The first S in S3 was supposedly for the word simple. This has been a massive failure, although it has gotten better. S3 can do so much that it is actually hard to wrap your head around it all at once. First, a few esoteric things you need help from other services to accomplish: you can use FSx for Lustre to mount the S3 bucket as an NFS drive and read and write objects as if it were any other NAS (Fuse does this too). You could also use the Transfer Family to set up an SFTP server right on top of the bucket, all you need to supply is a public SSH key and a username. But what else? S3 can host objects written by countless AWS services (reports, logs, and audits). S3 can act as a simple web server (HTTP only for custom domains, but there is always an HTTPS endpoint you could use) but also implement complex redirect rules. S3 can act as the origin for CloudFront to serve up files to the public (which is how this website originally worked before the Lambda@Edge conversion). S3 can have at least a dozen permission models - who owns the objects in the bucket, who pays for them, is it the same as the bucket owner, signed URLs for temporary gated upload and download capabilities.
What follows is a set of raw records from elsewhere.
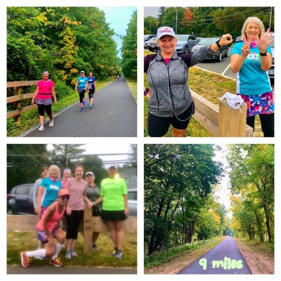 - Saturday – LONG RUN DAY. Back on the rail trail. I had thought of running on Sunday but since the hubby decided to play tennis, I decided to meet friends to run. It was our last run because of our virtual half marathon in NH next weekend. I ran early and then met Deirdre, Jan and Debbie for our run/walk interval run while the others walked. It was painless which made me happy.
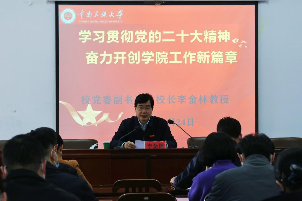 11月24日下午,校党委副书记、校长李金林到经济学院和资源与环境学院宣讲党的二十大精神,两个学院的领导班子成员、师生党支部书记、本科生和研究生辅导员、办公室干部和学生代表参加宣讲会。
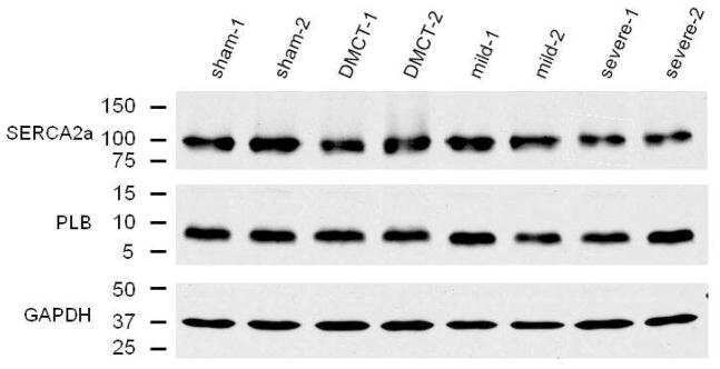 - Fig 2 Left atrial expression of Ca 2+ handling proteins. (A) Original Western blots of Ca 2+ handling proteins from Sham and AoB LA. Note the GAPDH blots for normalization. (B) Mean band intensity expressed relative to Sham as 100%. Data represent mean +- SEM from 6 Sham and 6 AoB hearts. *, P
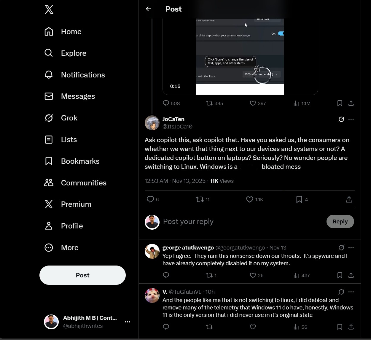 话虽如此,微软一直在 Copilot 和整个代理操作系统的惨败中大发雷霆,这甚至让 Windows 首席执行官在他的 X 帖子上屏蔽了评论,他在第一句话中确认了“Windows 正在演变成一个代理操作系统”。
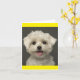 Aww...who can resist the sweet face of a Maltese puppy dog? This charming canine note card features an image of a white Maltese puppy dog highlighted with a yellow border. Inside is blank for your personal message.
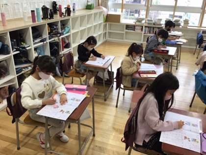 国語の時間です。集中して漢字の学習に取り組んでいます。
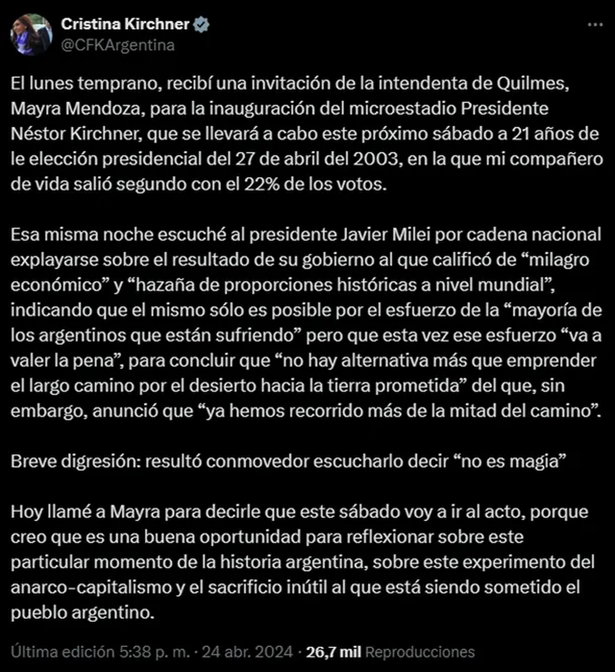 “Hoy llamé a Mayra para decirle que este sábado voy a ir al acto, porque creo que es una buena oportunidad para reflexionar sobre este particular momento de la historia argentina, sobre este experimento del anarco-capitalismo y el sacrificio inútil al que está siendo sometido el pueblo argentino”, añadió Cristina en su posteo.
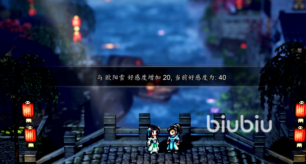 进入花灯节任务阶段(该事件由主线自然触发,无需额外寻找),向欧阳雪赠送花灯可获+10好感;随后若选择“陪伴观看天灯”,将额外获得+20好感。两项合计+30好感,是中期最集中的单次收益节点。
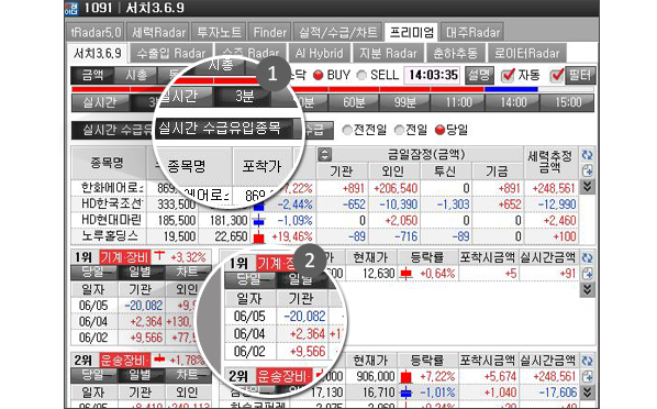 금액/시총/동시 버튼을 활용해 보세요! - ②서치3.6.9는 매매가 집중되는 장초반에는 더 꼼꼼하게 분석하여 줍니다.
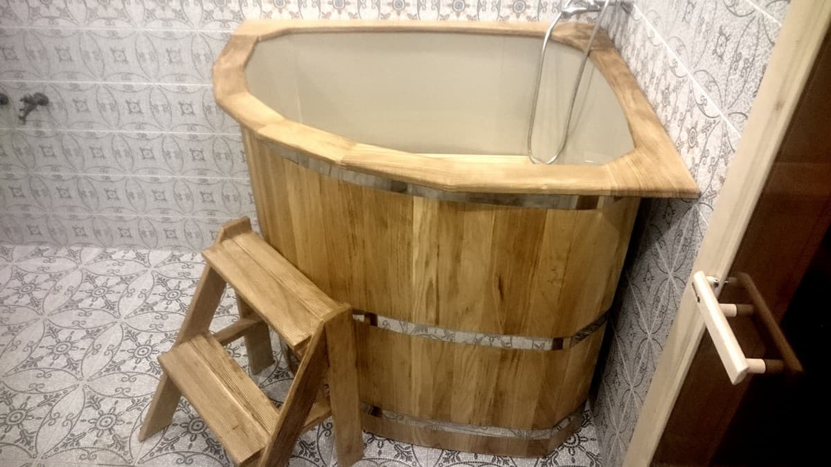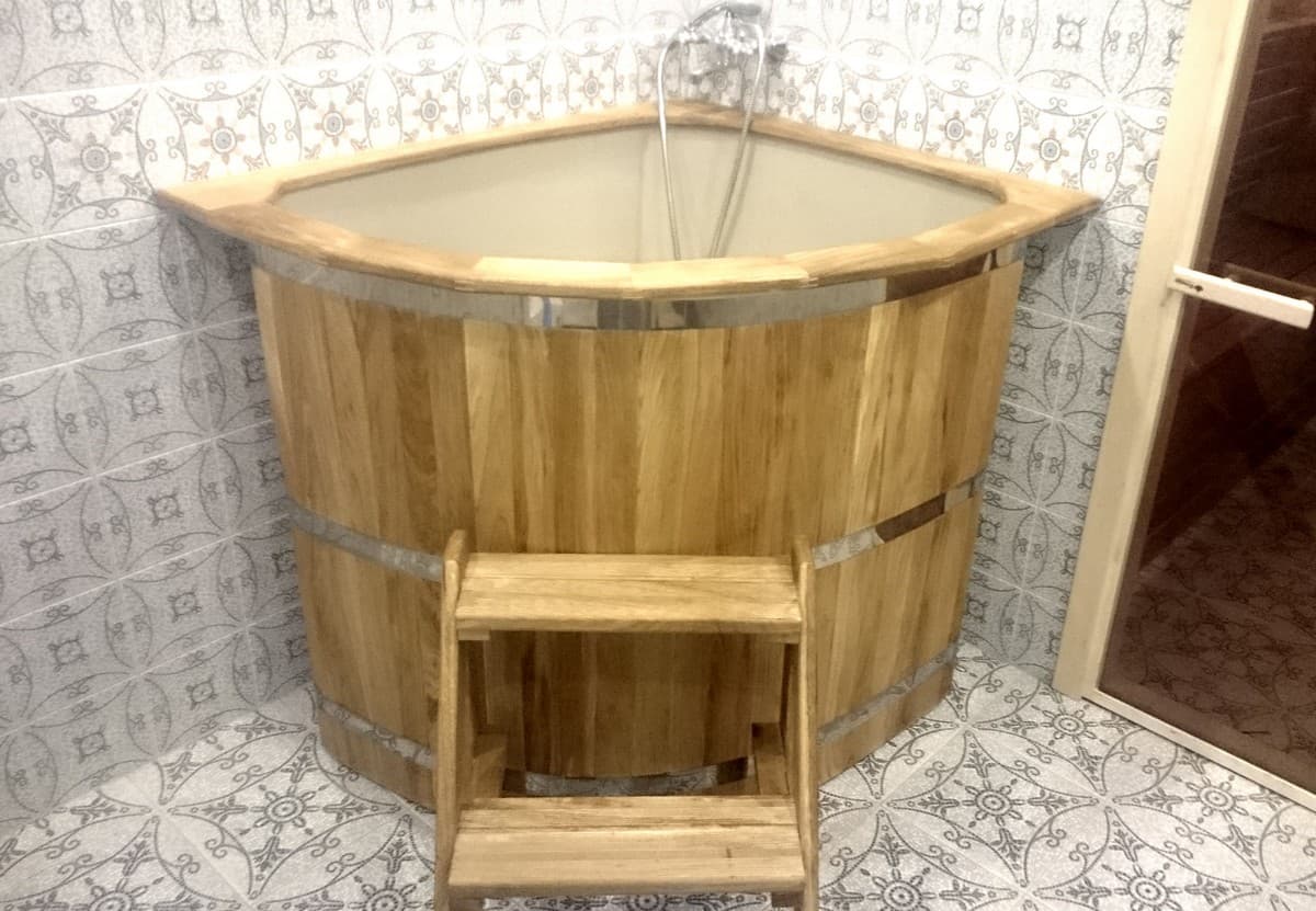 Угловая купель с пластиковой вставкой высотой 1,2м подойдет для установки в баню или сауну. Хорошо принимать водные и закаливающие процедуры после парной.

Objects can have metadata directly attached or written to DynamoDB. Objects can be encrypted using multiple different systems, and will soon be encrypted by default (although this is basically checkbox encryption to satisfy an audit or control requirement, not truly effective encryption, but still, a start). If you want to provide cross-account access, you'll need a bucket policy attached, or you can turn on bucket level ACLs and provide grants to other principals, either inside AWS or even by email address. You can version the objects, such that deleting one merely writes a delete marker to the object, but previous versions remain indefinitely, sometimes without you even knowing. Buckets can have lifecycle policies to move the objects to different storage tiers to save money (the Intelligent Tiering Glacier Long Term Storage class is approximately 85% cheaper than the standard price). You can trigger notifications to SNS topics or even directly invoke Lambdas when objects are created, updated, or destroyed, allowing you to manage complex workflows and lifecycles however your business demands. I am probably missing at least half a dozen additional useful features, but you get the idea. It is anything but simple.